Discussion in 'Multistrada' started by MJW61, Jan 20, 2014.

  1. Well, all finished. Not had a chance to test them yet as the bike has no MOT or tax, but I'm riding it to the MOT station on Thurs or Fri so will see what they're like then. It's quite a bit of work to do the conversion and you need to be handy with the spanners but on looks alone it's worth it!!
     
  2. Photos will be the proof! lol ;-)
     
  3. ...and so it's not all beer and skittles after taking it one step further....

    I fitted OZ Racing Magnesium rims 3 weeks ago. All the good braking gear swapped across course. Riding it back from the dealers and gave the picks a good squeeze - shuddering something epic braking form speed! Jesus that's not right.
    Did it again, same result. Not enough to throw you off but she was NOT happy. Repeated over and over on the way home up the Motorway (Expressway here) and slightly reduced the shuddering.

    Improved somewhat as I gave then a mullering on the way home. Then rolling to a stop using the front, which is highly unusual for me as I've got the Uber back stopper.....fark fark FARK...pulsing. Noooo...pulsing, noooo.

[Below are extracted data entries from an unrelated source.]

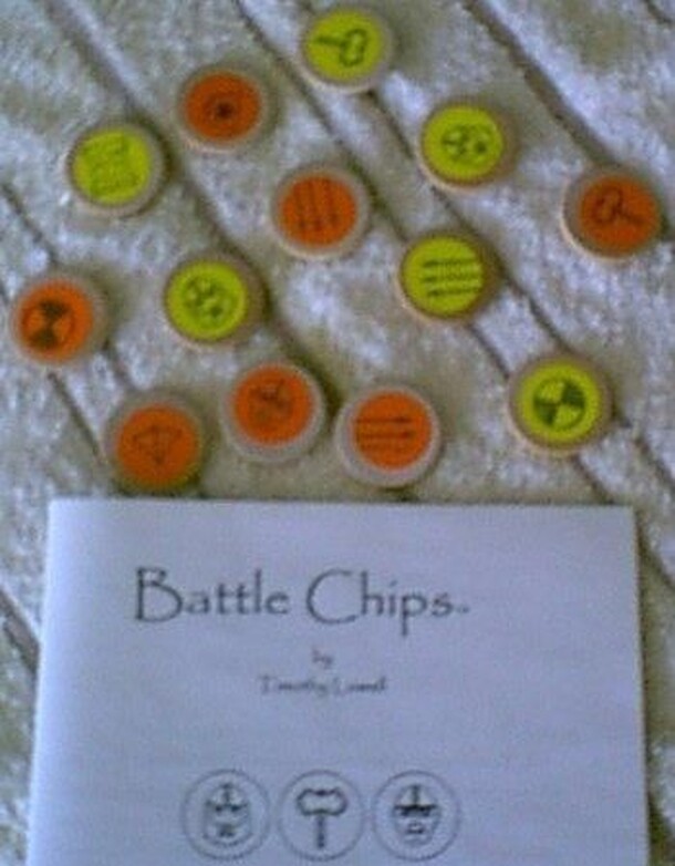 A unique game, Battle Chips contains 30 wooden chips divided into two armies (orcs versus barbarians). Each army has (in descending order of strength) one leader, one wizard, three bowmen, four pikemen, and four warriors. They also have two shield-bearers. On the back of each chit is simply an orc face or a human face, which, if used in combat, is lower...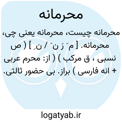 محرمانه. [ م َ رَ ن َ / ن ِ ] ( ص نسبی، ق مرکب ) ( از: محرم عربی + انه فارسی ) براز. بی حضور ثالثی. ( یادداشت به خطمرحوم دهخدا ). مخفیانه. پنهانی. پوشیده. به نهانی.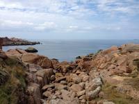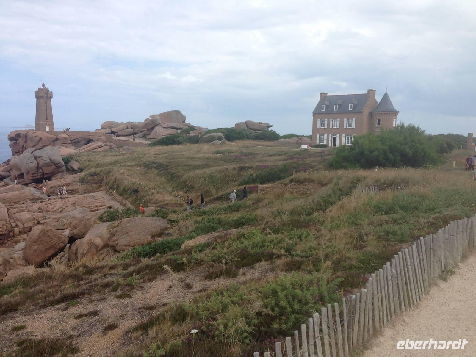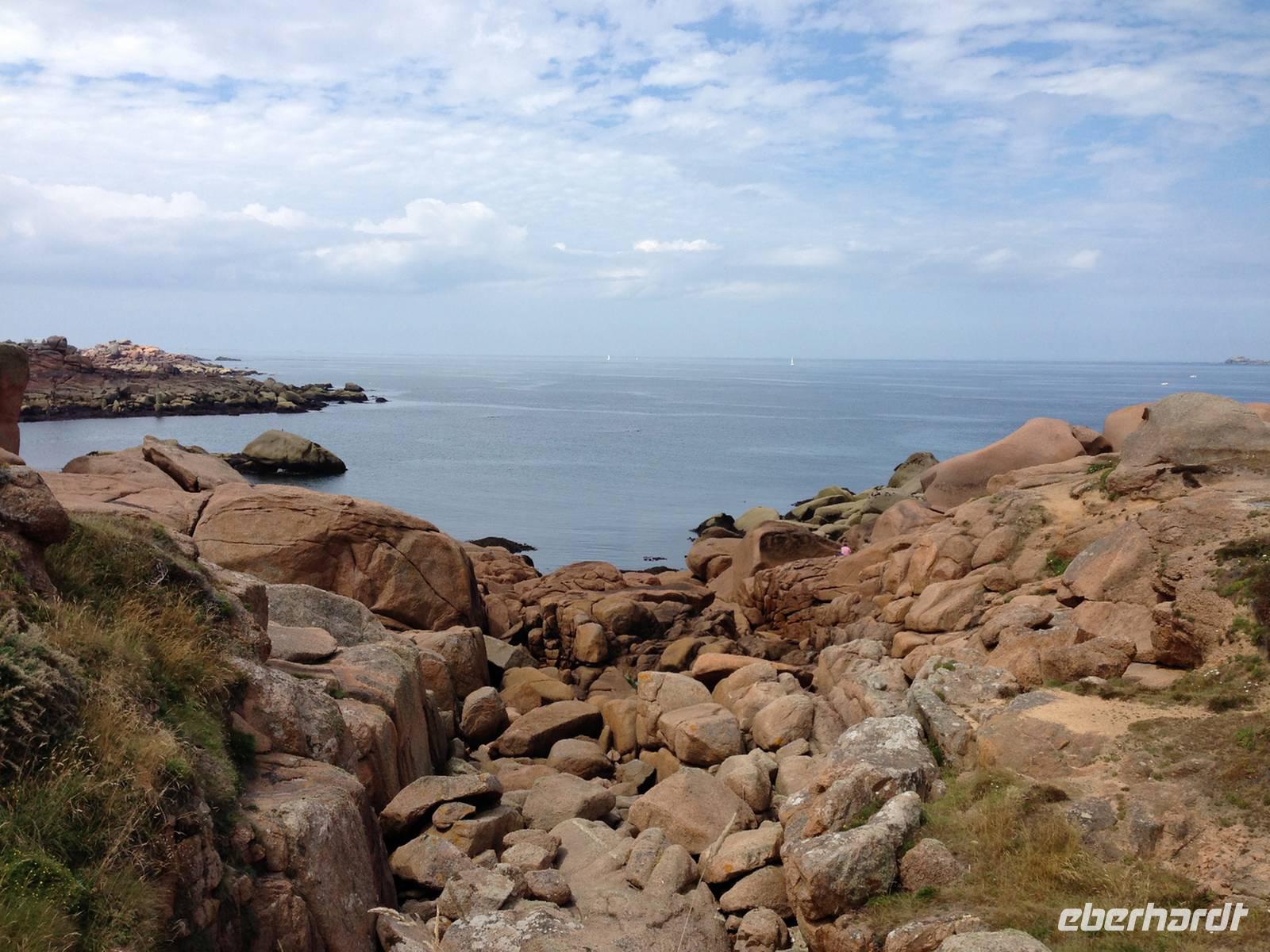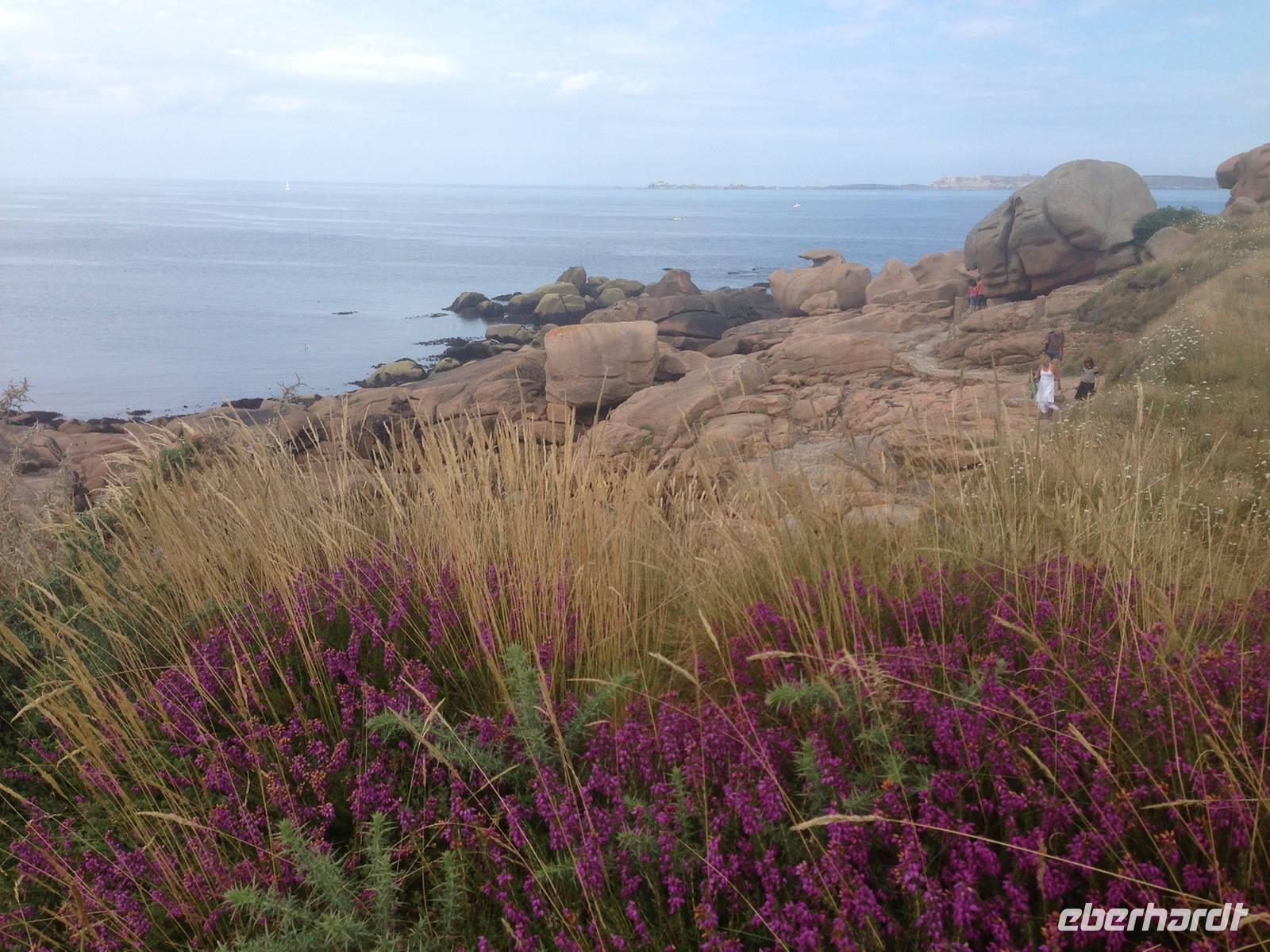 Nach zwei Stunden Fahrtzeit erreichen wir über Saint Brieuc die Rosa Granitküste (Côte de Granit Rose). Hier haben Wind und Wellen das Land und den Küstenstreifen seit Jahrtausenden zu Skulpturen aus rosa Granit und bizarren Felsformationen modelliert. Eine Szenerie, die uns zu Entdeckungen einlädt? und zu Mutmaßungen über die Formen: ist das nun „Napoleons Hut" und wo ist das „Teufelsschloss"? Wo heute Wanderer unterwegs sind, patrouillierten im 19. Jahrhundert Zöllner, um Piraten und Schmuggler abzuwehren. Solche Wachpfade säumten fast die gesamte bretonische Küste, hier haben wir uns am wildromantischsten Abschnitt eingefunden!

    I could have freaking wept. Had the run out checked last weekend and they are not warped thank God. My spanner man is at a loss except to give em heaps and maybe they will improve. Me? I'm gonna give the rotors a good scrubbing (dry) with the green pot scourers. Maybe there's some pad residue on the rotors and there's a micro high & low spot on the rotors.

    Be that as it may, they still work like beasts.

    Any opinions / advice much appreciated.
     
  4. I'd go with residue/whatnot on the discs. The lighter wheels will have made the symptoms worse as there's less rotational force to counter it.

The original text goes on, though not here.